* Work required:
Transcribe the records below from the first line to the line that includes "O transporte aéreo", inclusive, and omit the pictures.

Stored dataset items:
===

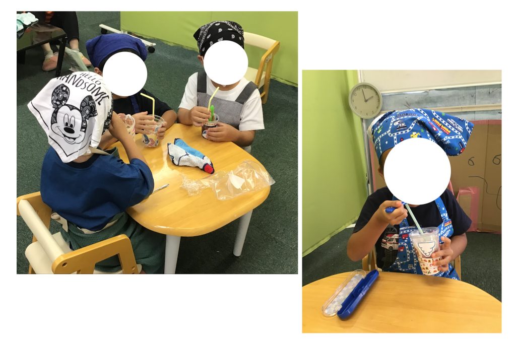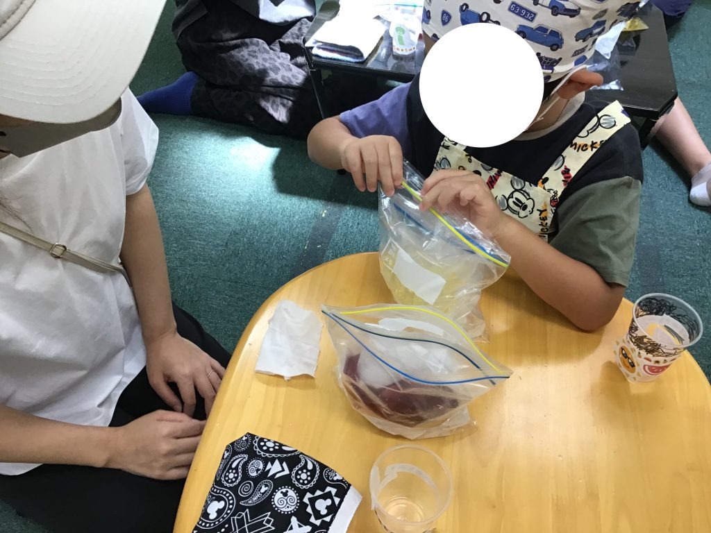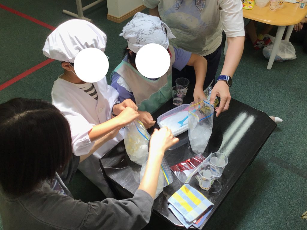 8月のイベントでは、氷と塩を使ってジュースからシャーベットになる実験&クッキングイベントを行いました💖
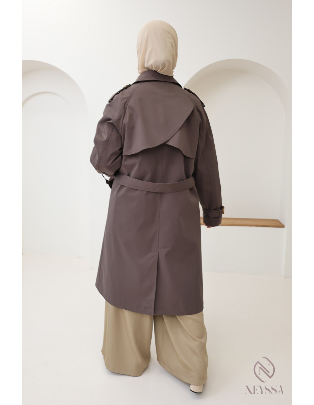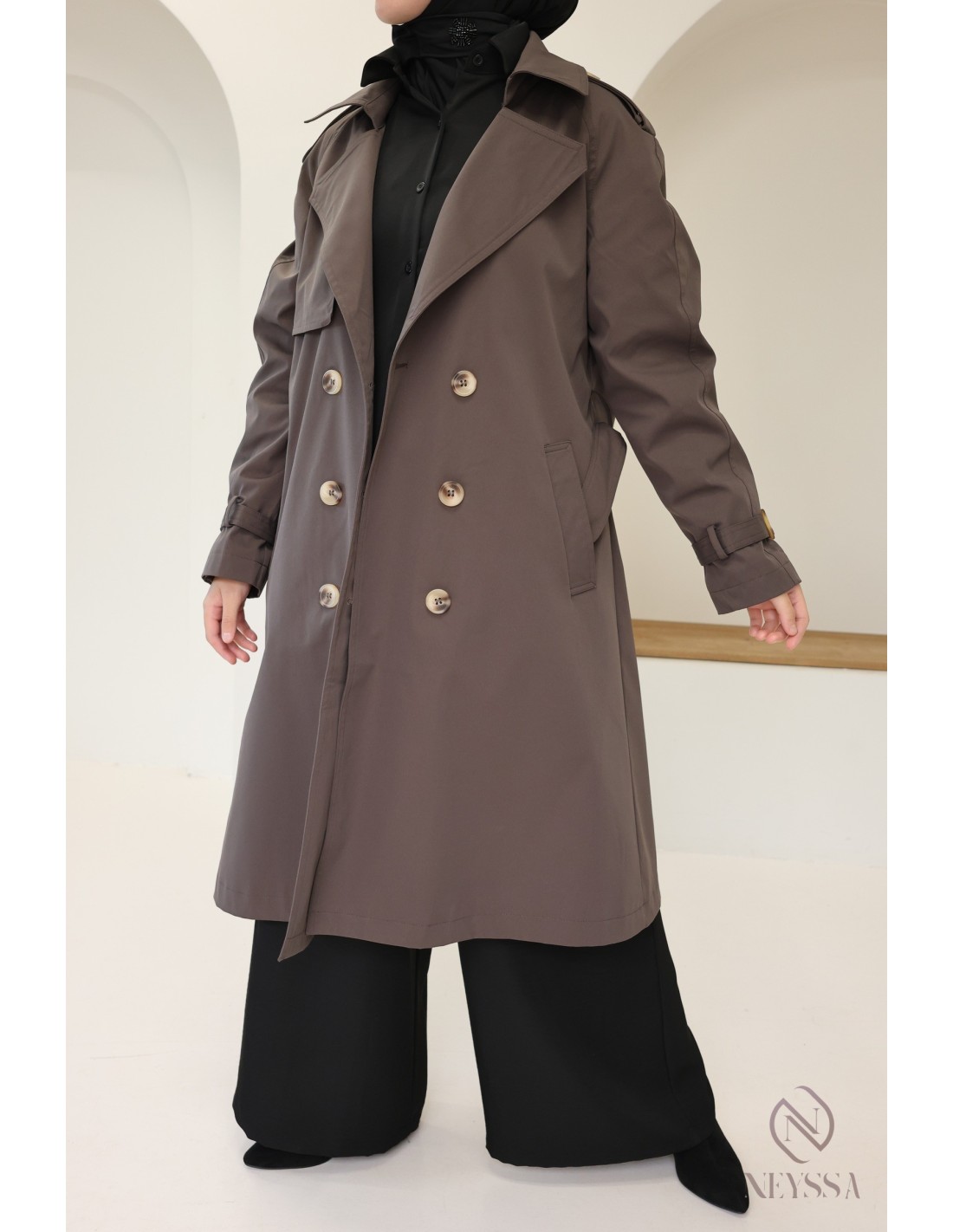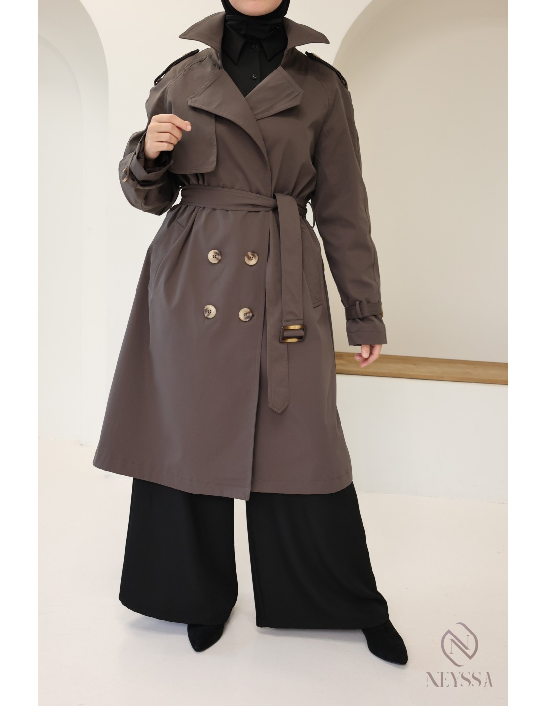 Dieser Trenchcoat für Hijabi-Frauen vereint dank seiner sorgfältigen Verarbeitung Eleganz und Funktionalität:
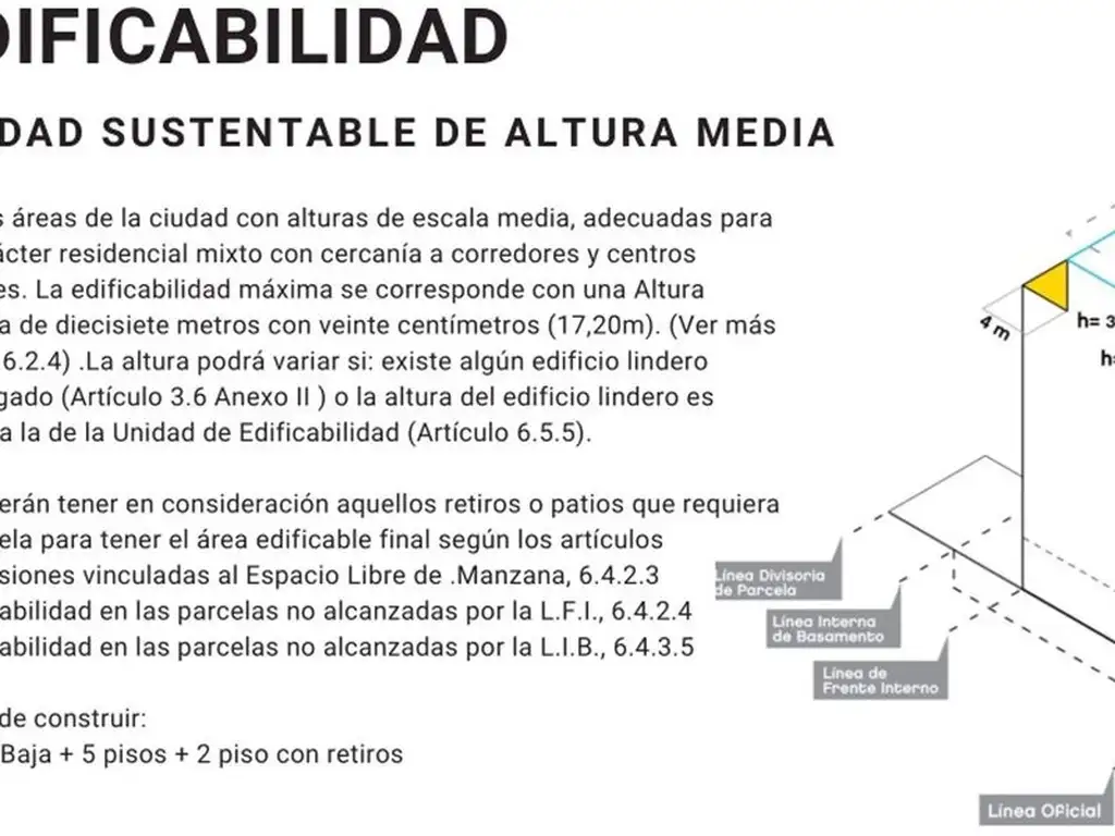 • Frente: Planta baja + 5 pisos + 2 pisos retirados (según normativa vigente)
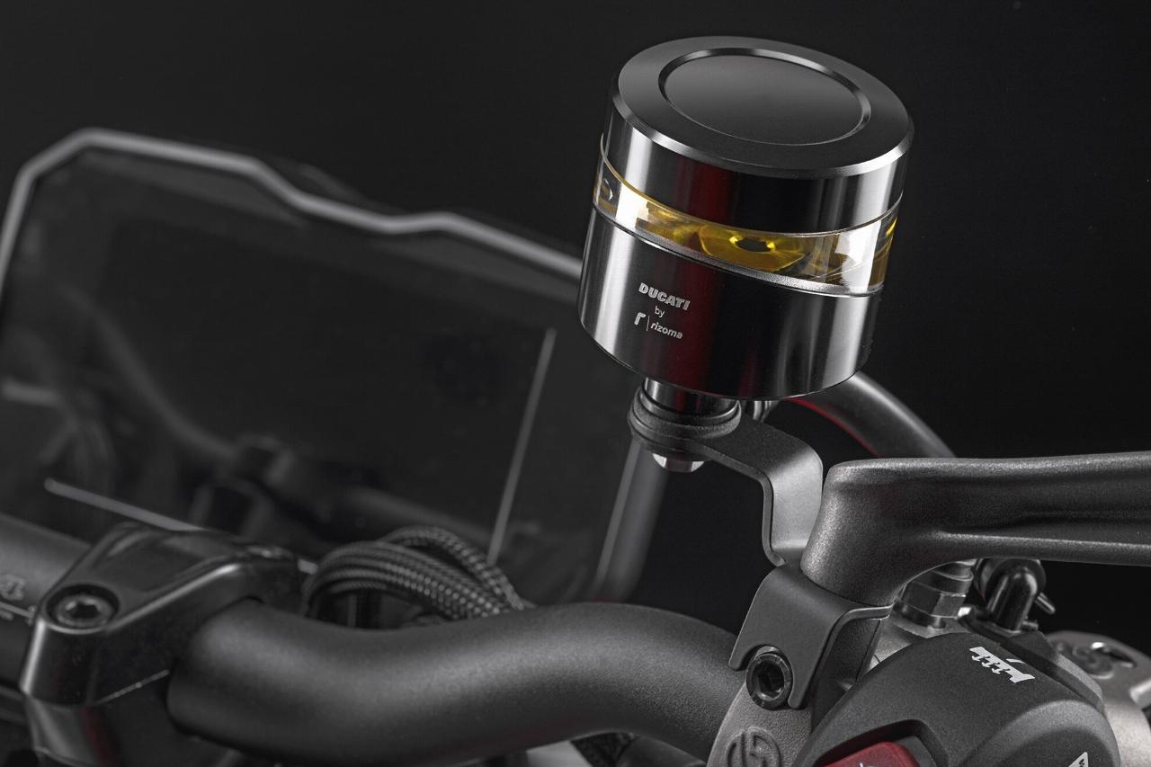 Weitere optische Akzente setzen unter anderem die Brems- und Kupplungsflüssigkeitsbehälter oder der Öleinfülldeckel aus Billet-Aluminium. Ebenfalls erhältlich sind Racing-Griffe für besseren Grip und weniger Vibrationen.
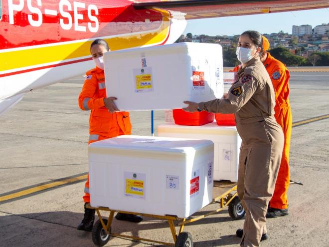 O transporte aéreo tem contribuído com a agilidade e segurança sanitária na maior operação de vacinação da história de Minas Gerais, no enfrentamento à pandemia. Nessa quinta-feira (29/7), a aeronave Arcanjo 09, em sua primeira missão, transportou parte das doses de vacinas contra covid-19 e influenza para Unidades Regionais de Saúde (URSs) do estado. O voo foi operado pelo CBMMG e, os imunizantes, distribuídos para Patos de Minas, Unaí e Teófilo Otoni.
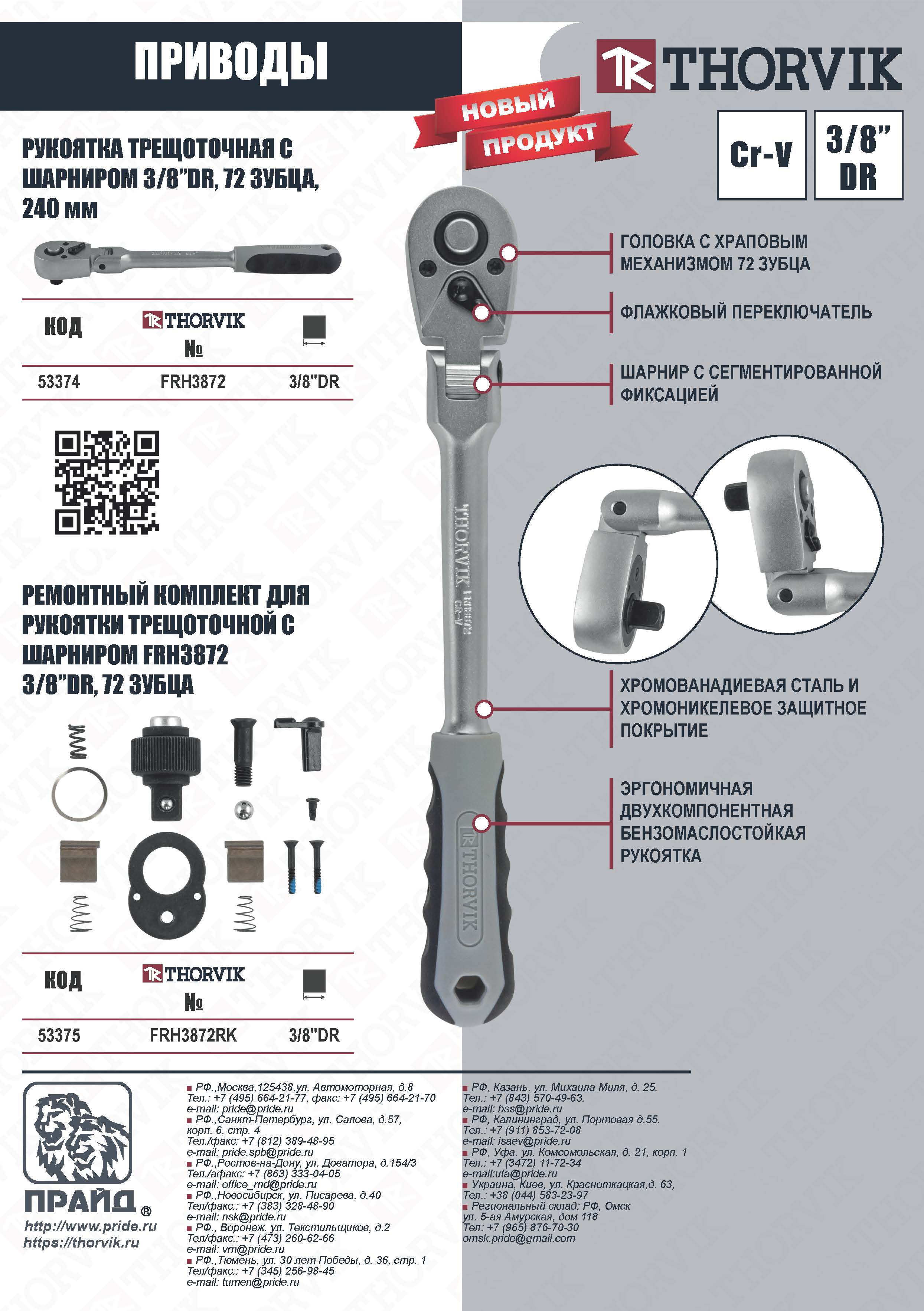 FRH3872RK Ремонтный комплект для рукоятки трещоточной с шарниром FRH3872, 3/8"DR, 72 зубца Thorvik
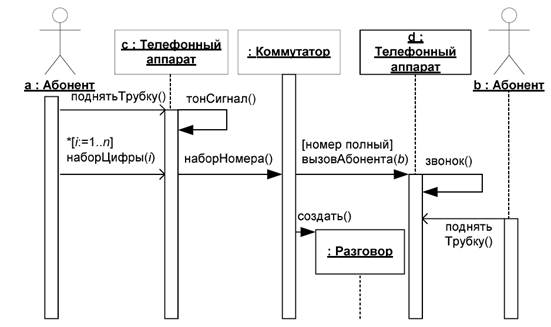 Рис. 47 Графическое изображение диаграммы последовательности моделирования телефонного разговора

===

* Answer below:
 8月のイベントでは、氷と塩を使ってジュースからシャーベットになる実験&クッキングイベントを行いました💖
 Dieser Trenchcoat für Hijabi-Frauen vereint dank seiner sorgfältigen Verarbeitung Eleganz und Funktionalität:
 • Frente: Planta baja + 5 pisos + 2 pisos retirados (según normativa vigente)
 Weitere optische Akzente setzen unter anderem die Brems- und Kupplungsflüssigkeitsbehälter oder der Öleinfülldeckel aus Billet-Aluminium. Ebenfalls erhältlich sind Racing-Griffe für besseren Grip und weniger Vibrationen.
 O transporte aéreo tem contribuído com a agilidade e segurança sanitária na maior operação de vacinação da história de Minas Gerais, no enfrentamento à pandemia. Nessa quinta-feira (29/7), a aeronave Arcanjo 09, em sua primeira missão, transportou parte das doses de vacinas contra covid-19 e influenza para Unidades Regionais de Saúde (URSs) do estado. O voo foi operado pelo CBMMG e, os imunizantes, distribuídos para Patos de Minas, Unaí e Teófilo Otoni.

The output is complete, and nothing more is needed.